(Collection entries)

......

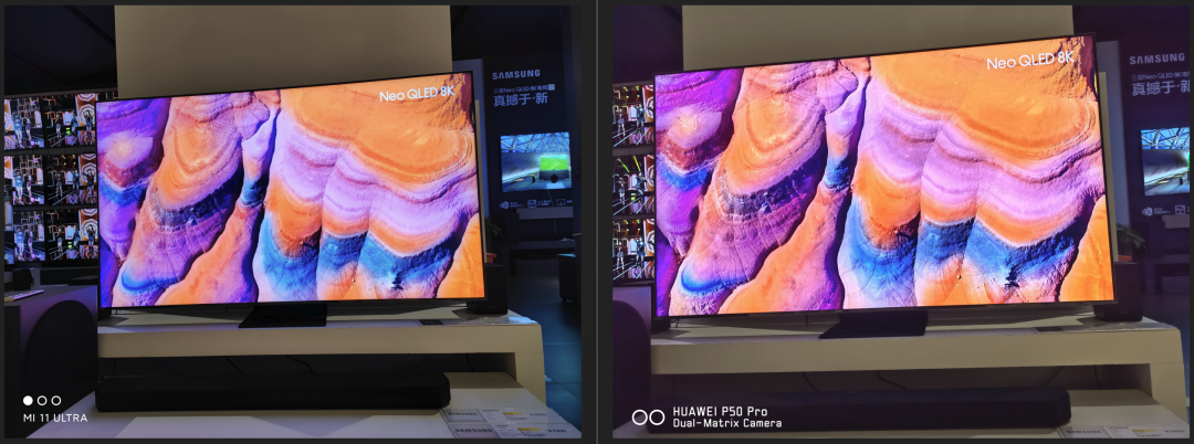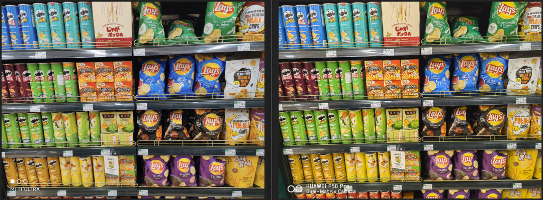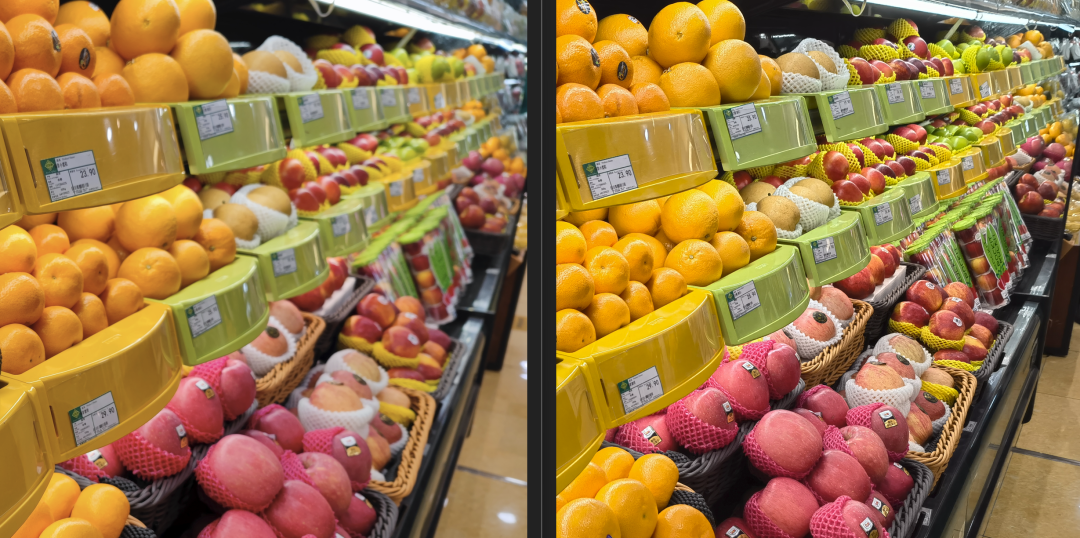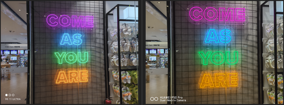 在色彩还原方面,华为成片会相对自然一些,比如在这组服装店的样张中,左侧色调明显偏冷,而右侧偏暖,但我实际的观看体验则与右侧更为接近,华为对于图像整体色调的把握会更为准确一些。
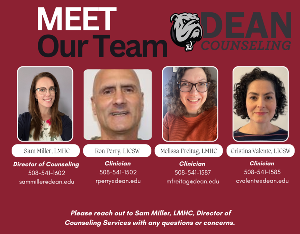 The Counseling Center staff will be holding meet and greets during the first week of the semester. Please be on the lookout for more details and information regarding these events on campus, on the Counseling Center's Instagram page, and on myDean.
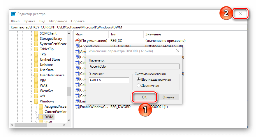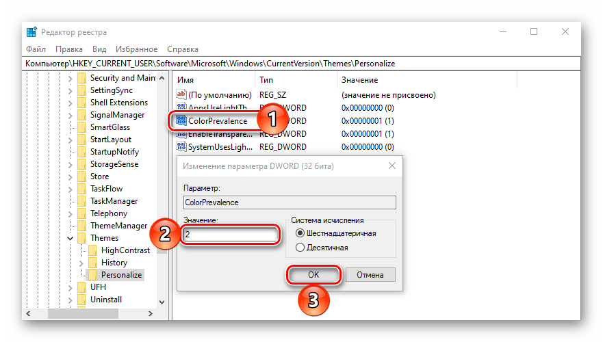 Если потребуется откатить изменения, выполненные на втором шаге, просто измените значение параметра ColorPrevalence на то, которое для него было установлено изначально – 0 или 1.
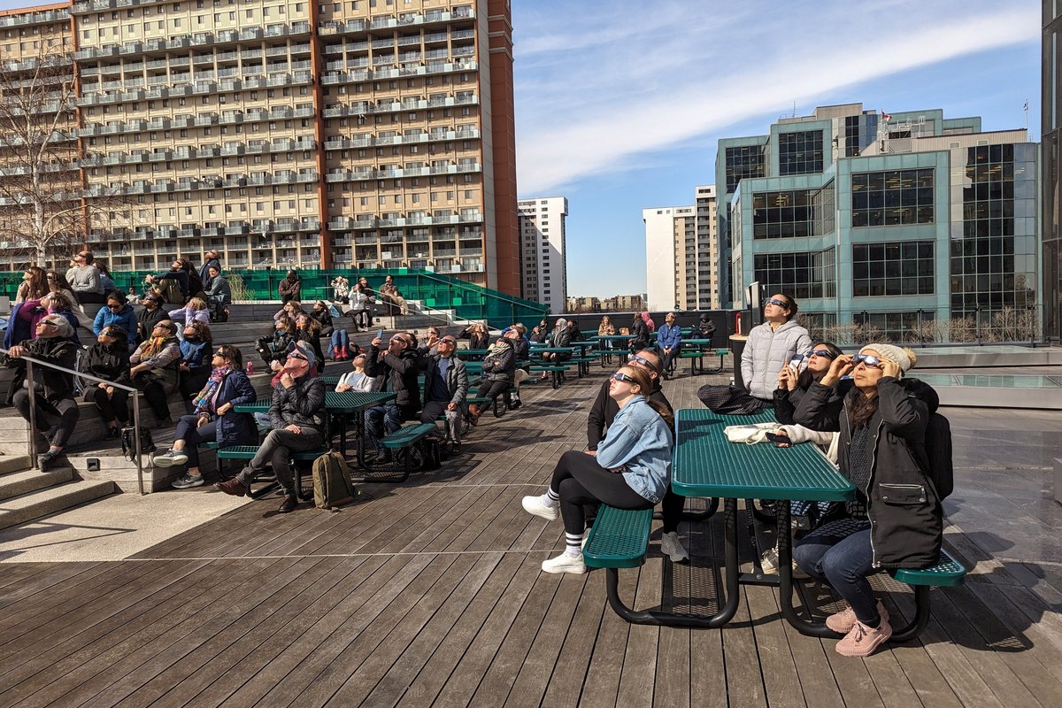Les astres étaient parfaitement alignés le 8 avril 2024 au Campus principal de l’UdeS. En plein cœur de la trajectoire de l’éclipse solaire totale, le ciel de l'Université de Sherbrooke s’est obscurci pour faire place à un spectacle astronomique rarissime, au grand bonheur de la communauté universitaire.
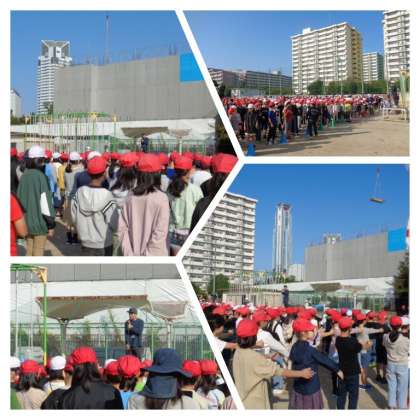 過ごしやすい気候になってきたので、運動場で行う児童朝会を再開しました。今週の朝会では、校長先生からの安全を意識した生活のお話と係の先生からの10月の生活目標についての話がありました。
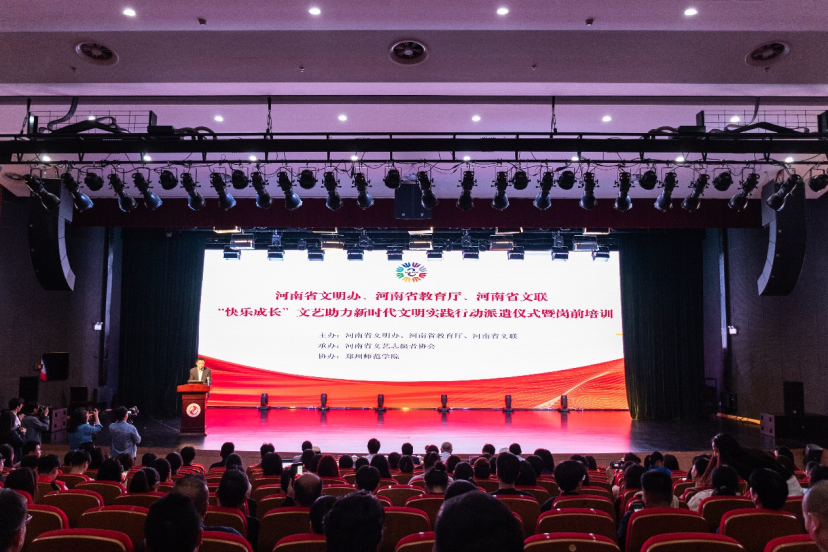 4月22日,由河南省文明办、河南省教育厅、河南省文联主办的2024年上半年“快乐成长”文艺助力新时代文明实践行动派遣仪式暨岗前培训在郑州举行。省委宣传部二级巡视员葛卫华,省文联党组成员、副主席蒋愈红等出席活动,德赢AC米兰中国官方网站党委宣传部相关负责同志和省内11所高校的88名大学生文艺志愿者参加仪式。
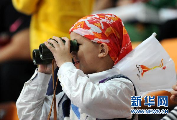 11月27日,頭戴“志愿彩”的小觀眾用望遠(yuǎn)鏡觀看閉幕式前的表演。當(dāng)日,第16屆亞運會閉幕式在廣州市海心沙島舉行。新華社記者李勇攝
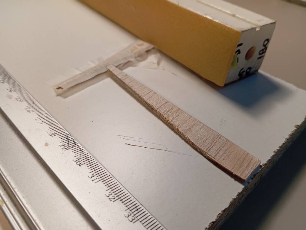 Los 2 mm que me quedan los rellenaré con un triángulo de balsa de 2mm pegado a la costilla, que biselaré para que quede una cuña a ras en la bayoneta y con 2mm en el borde de salida. Cuando esté pegado, otra pasadita de taco de lija para dejar todo ya centrado y ajustado, y listo.

......

▸ **Task to complete**: Give the lines exactly, from the first line of the entries to the line with "The Counseling Center staff", both ends included. Skip the pictures.

▸ **Task response**:
 在色彩还原方面,华为成片会相对自然一些,比如在这组服装店的样张中,左侧色调明显偏冷,而右侧偏暖,但我实际的观看体验则与右侧更为接近,华为对于图像整体色调的把握会更为准确一些。
 The Counseling Center staff will be holding meet and greets during the first week of the semester. Please be on the lookout for more details and information regarding these events on campus, on the Counseling Center's Instagram page, and on myDean.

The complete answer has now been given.